To do: Every record that follows should be copied exactly. No picture belongs in the copy.

Data under study:
--- START ---

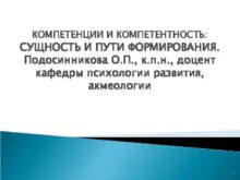 КОМПЕТЕНЦИИ И КОМПЕТЕНТНОСТЬ СУЩНОСТЬ И ПУТИ ФОРМИРОВАНИЯ Подосинникова
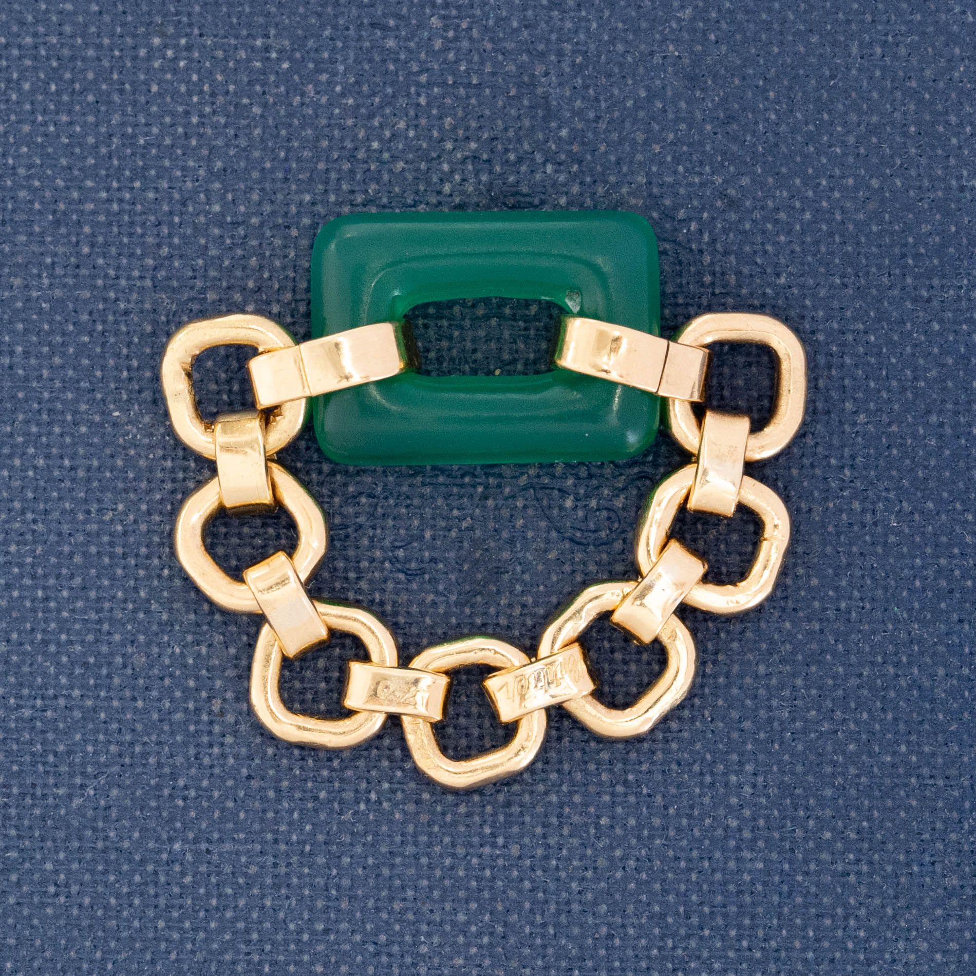 A really excellent chain ring from Cartier, centering on a carved chrysoprase in the center! It is comfortable and wears on the finger with ease, as the links are fluid and move like a normal chain link would. She’s giving big 1970’s vibes with the geometric links, bold color, and masculine-leaning design.
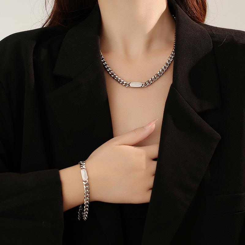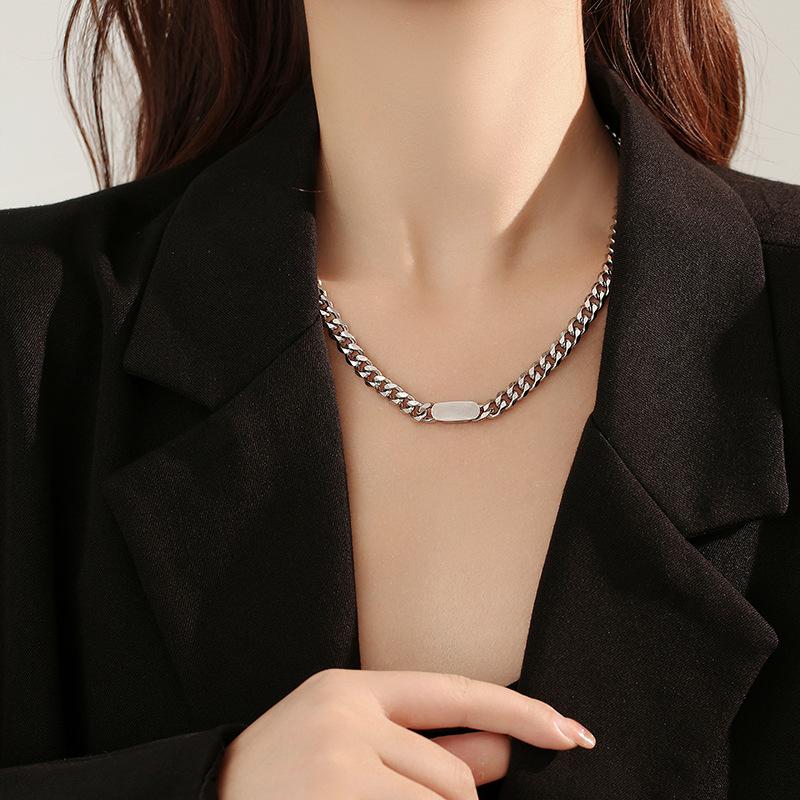 Collares Transfronterizos de Acero de Titanio que No se Desvanecen, Joyería Europea y Americana de Acero Inoxidable para Mujer, Versátiles Accesorios de Collar Cubano, de Alta Gama
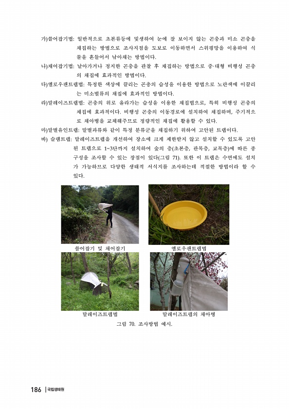 가 쓸어잡기법 일반적으로 초본류등에 및생하여 눈에 잘 보이지 않는 곤충과 미소 곤충을 채집하는 방법으로 조사지점을 도보로 이동하면서 스위핑망을 이용하여 식 물을 흔들어서 낚아채는 방법이다 나 채어잡기법 날아가거나 정지한 곤충을 관찰 후 채집하는 방법으로 중 대형 비행성 곤충 의 채집에 효과적인 방법이다 다 옐로우팬트랩법 특정한 색상에 끌리는 곤충의 습성을 이용한 방법으로 노란색에 이끌리 는 미소벌류의 채집에 효과적인 방법이다 라 말레이즈트랩법 곤충의 위로 올라가는 습성을 이용한 채집법으로 특히 비행성 곤충의 채집에 효과적이다 비행성 곤충의 이동경로에 설치하여 채집하며 주기적으 로 채아병을 교체해주므로 정량적인 채집에 활용할 수 있다 마 말벌유인트랩 말벌과류와 같이 특정 분류군을 채집하기 위하여 고안된 트랩이...
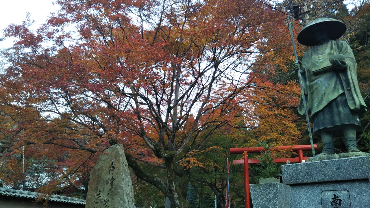 四国八十八ヶ所霊場巡りで、初めて行きました。白峯山の上にある名刹でした。細長い参詣道を進み、左に曲がり、右側の石段の上に本堂がありました。周りの木々がちょうど紅葉で美しかったです。早生みかんが無人販売されていました。
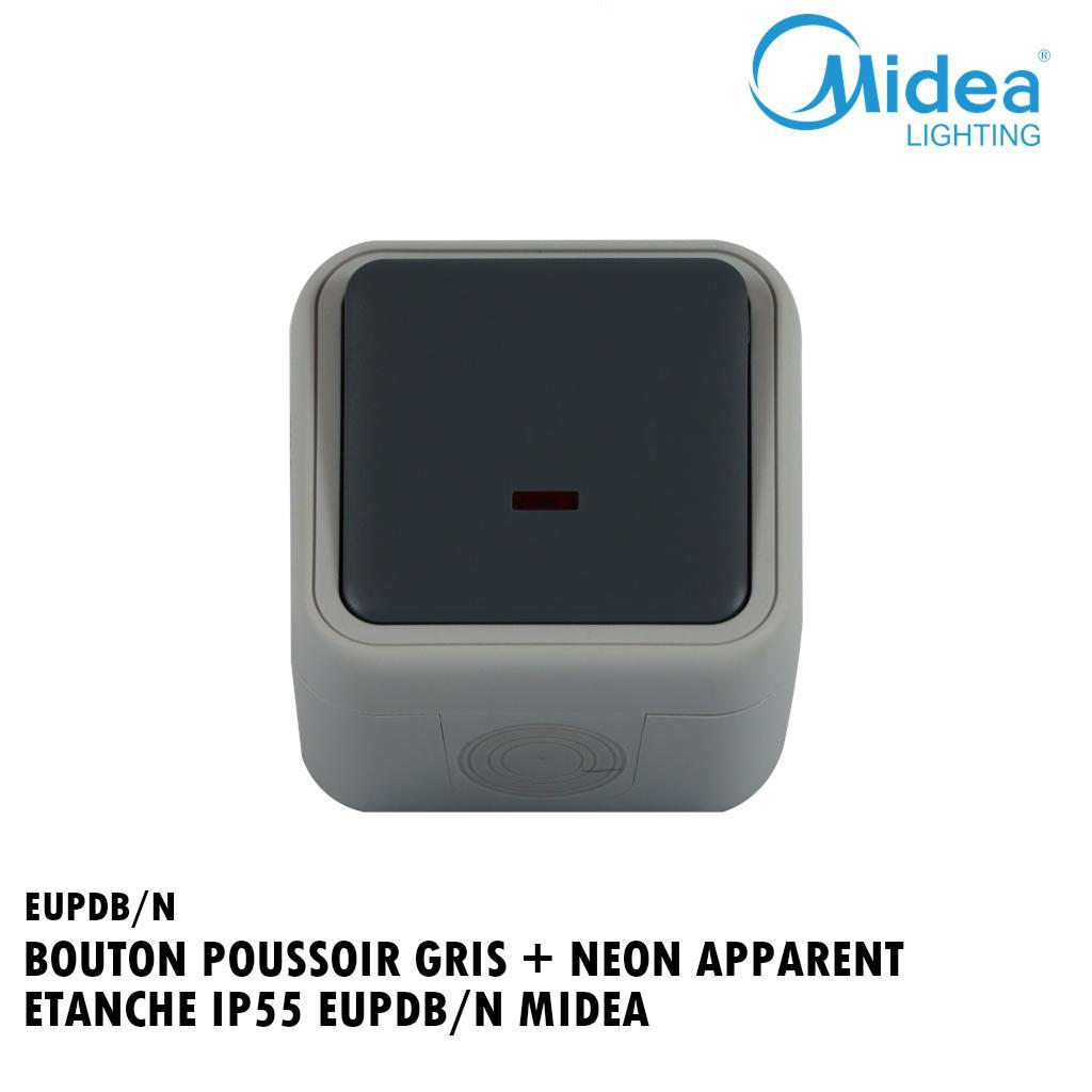 BOUTON POUSSOIR GRIS + NEON APPARENT ETANCHE IP55 EUPDB/N MIDEA
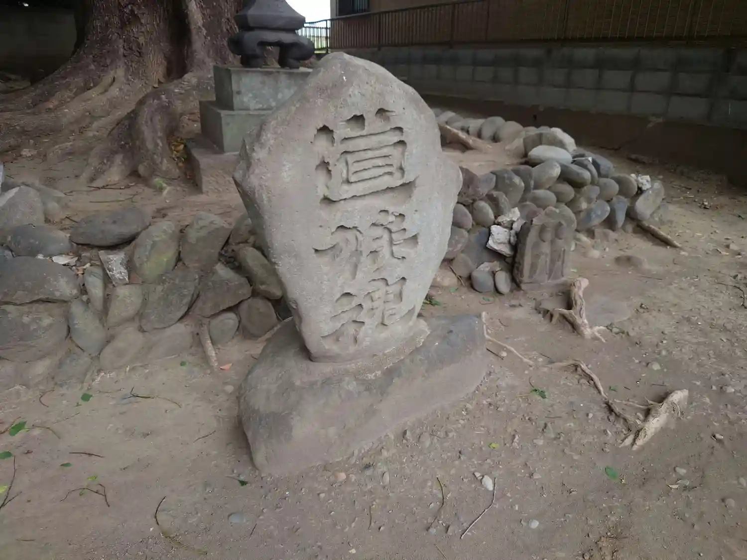 道祖神とものすごい巨大神木あり
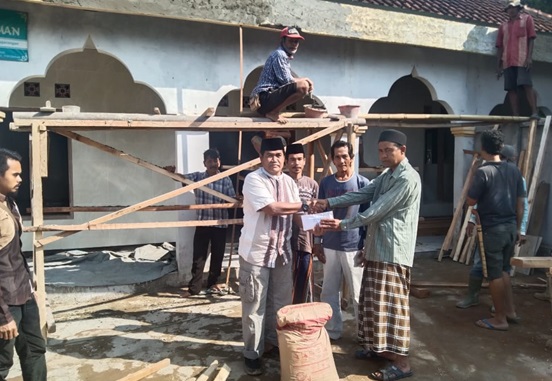 ” Bantuan tersebut di terima langsung oleh ketua Dewan Kemakmuran Mesjid ( DKM) Bapak Jujum Efendi dan ketua RW setempat Ayo, bantuan tersebut berupa 85 Zak Semen serta Dana pemeliharaan.
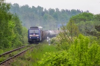 W deszczową, ponurą aurę lokomotywy BR285 023-6 i SM42-2563 mozolnie wciągają do Gdańska Osowej skład pociągu TKS 553070 relacji (Przywory Opolskie) Gdynia Port GPA - Gdańsk Kokoszki.
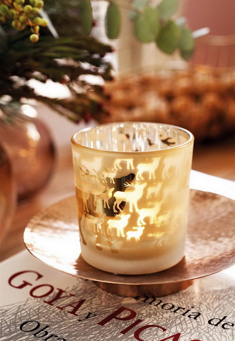 Чтобы внести торжественную ноту в новогодний дизайн интерьера достаточно приобрести несколько свечей и поставить их в позолоченные подсвечники, или купить свечи золотистого цвета. Несколько еловых веточек и шишек дополнят такую композицию.
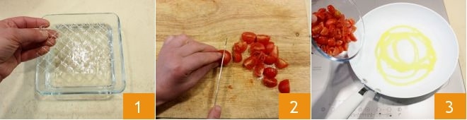 Pour préparer la caprese fingerfood, faites tremper la gélatine en feuilles dans un bol d'eau froide pendant au moins 10 minutes 1. Lavez les tomates cerises à grande eau fraîche, puis coupez-les en deux 2 et faites-les revenir dans une grande poêle antiadhésive avec l'huile 3,
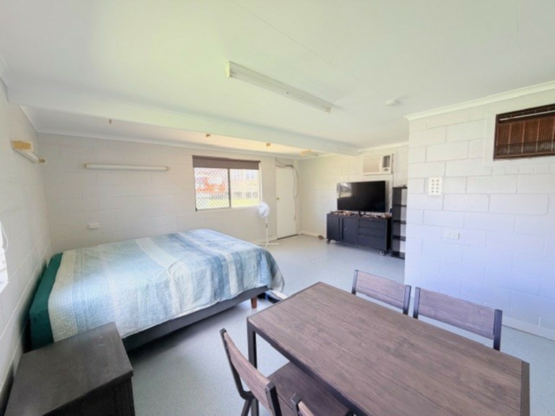 •Airconditioned open plan bedroom and living area with TV & unit
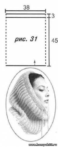 Наберите на спицы расчетное количество петель и вяжите по кругу патентной резинкой полотно высотой 45 см. Продолжайте работу резинкой 2 х 2. Через 3 см провяжите 1 ряд вспомогательной нитью и сбросьте открытые петли со спицы.
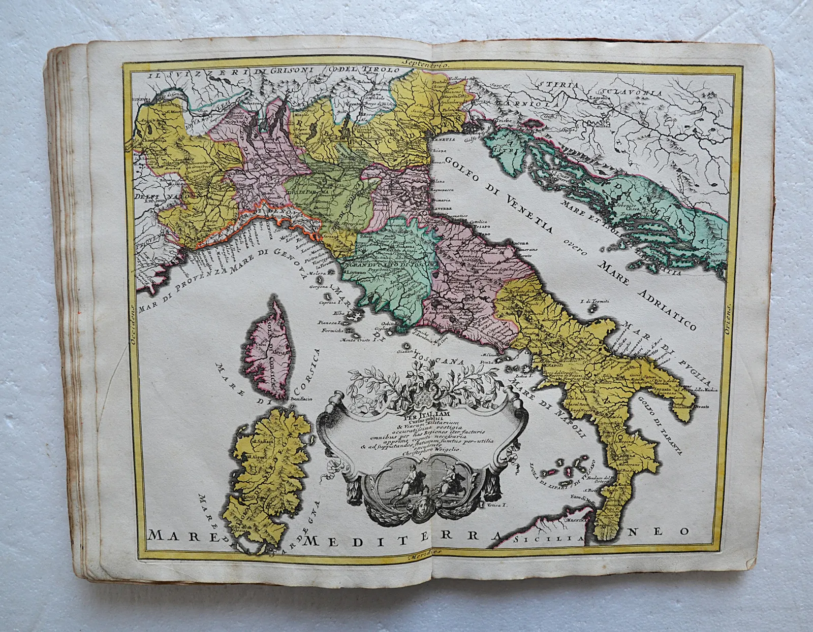 Samuelis Fabri Rect. Gymn. Norib. Atlas Scholastichodoeporicus oder immer stärcker anwachsender Schul- und Reisen-Atlas nach der schwer- und beschwerlichen Last erleichtert und bequemer gemacht sowohl in denen Alten für die gelehrte; als auch in denen Neusten kleinen, doch vollständigen Mappen, für die jenige, welche in denen Land-Charten noch unerfahren vom Neuen ausgefertigt von Christoph Weigel. Der Kaiserl. Reichs Post gegen-über wohnhafft in Nürnberg.

--- END ---

Result:
 КОМПЕТЕНЦИИ И КОМПЕТЕНТНОСТЬ СУЩНОСТЬ И ПУТИ ФОРМИРОВАНИЯ Подосинникова
 A really excellent chain ring from Cartier, centering on a carved chrysoprase in the center! It is comfortable and wears on the finger with ease, as the links are fluid and move like a normal chain link would. She’s giving big 1970’s vibes with the geometric links, bold color, and masculine-leaning design.
 Collares Transfronterizos de Acero de Titanio que No se Desvanecen, Joyería Europea y Americana de Acero Inoxidable para Mujer, Versátiles Accesorios de Collar Cubano, de Alta Gama
 가 쓸어잡기법 일반적으로 초본류등에 및생하여 눈에 잘 보이지 않는 곤충과 미소 곤충을 채집하는 방법으로 조사지점을 도보로 이동하면서 스위핑망을 이용하여 식 물을 흔들어서 낚아채는 방법이다 나 채어잡기법 날아가거나 정지한 곤충을 관찰 후 채집하는 방법으로 중 대형 비행성 곤충 의 채집에 효과적인 방법이다 다 옐로우팬트랩법 특정한 색상에 끌리는 곤충의 습성을 이용한 방법으로 노란색에 이끌리 는 미소벌류의 채집에 효과적인 방법이다 라 말레이즈트랩법 곤충의 위로 올라가는 습성을 이용한 채집법으로 특히 비행성 곤충의 채집에 효과적이다 비행성 곤충의 이동경로에 설치하여 채집하며 주기적으 로 채아병을 교체해주므로 정량적인 채집에 활용할 수 있다 마 말벌유인트랩 말벌과류와 같이 특정 분류군을 채집하기 위하여 고안된 트랩이...
 四国八十八ヶ所霊場巡りで、初めて行きました。白峯山の上にある名刹でした。細長い参詣道を進み、左に曲がり、右側の石段の上に本堂がありました。周りの木々がちょうど紅葉で美しかったです。早生みかんが無人販売されていました。
 BOUTON POUSSOIR GRIS + NEON APPARENT ETANCHE IP55 EUPDB/N MIDEA
 道祖神とものすごい巨大神木あり
 ” Bantuan tersebut di terima langsung oleh ketua Dewan Kemakmuran Mesjid ( DKM) Bapak Jujum Efendi dan ketua RW setempat Ayo, bantuan tersebut berupa 85 Zak Semen serta Dana pemeliharaan.
 W deszczową, ponurą aurę lokomotywy BR285 023-6 i SM42-2563 mozolnie wciągają do Gdańska Osowej skład pociągu TKS 553070 relacji (Przywory Opolskie) Gdynia Port GPA - Gdańsk Kokoszki.
 Чтобы внести торжественную ноту в новогодний дизайн интерьера достаточно приобрести несколько свечей и поставить их в позолоченные подсвечники, или купить свечи золотистого цвета. Несколько еловых веточек и шишек дополнят такую композицию.
 Pour préparer la caprese fingerfood, faites tremper la gélatine en feuilles dans un bol d'eau froide pendant au moins 10 minutes 1. Lavez les tomates cerises à grande eau fraîche, puis coupez-les en deux 2 et faites-les revenir dans une grande poêle antiadhésive avec l'huile 3,
 •Airconditioned open plan bedroom and living area with TV & unit
 Наберите на спицы расчетное количество петель и вяжите по кругу патентной резинкой полотно высотой 45 см. Продолжайте работу резинкой 2 х 2. Через 3 см провяжите 1 ряд вспомогательной нитью и сбросьте открытые петли со спицы.
 Samuelis Fabri Rect. Gymn. Norib. Atlas Scholastichodoeporicus oder immer stärcker anwachsender Schul- und Reisen-Atlas nach der schwer- und beschwerlichen Last erleichtert und bequemer gemacht sowohl in denen Alten für die gelehrte; als auch in denen Neusten kleinen, doch vollständigen Mappen, für die jenige, welche in denen Land-Charten noch unerfahren vom Neuen ausgefertigt von Christoph Weigel. Der Kaiserl. Reichs Post gegen-über wohnhafft in Nürnberg.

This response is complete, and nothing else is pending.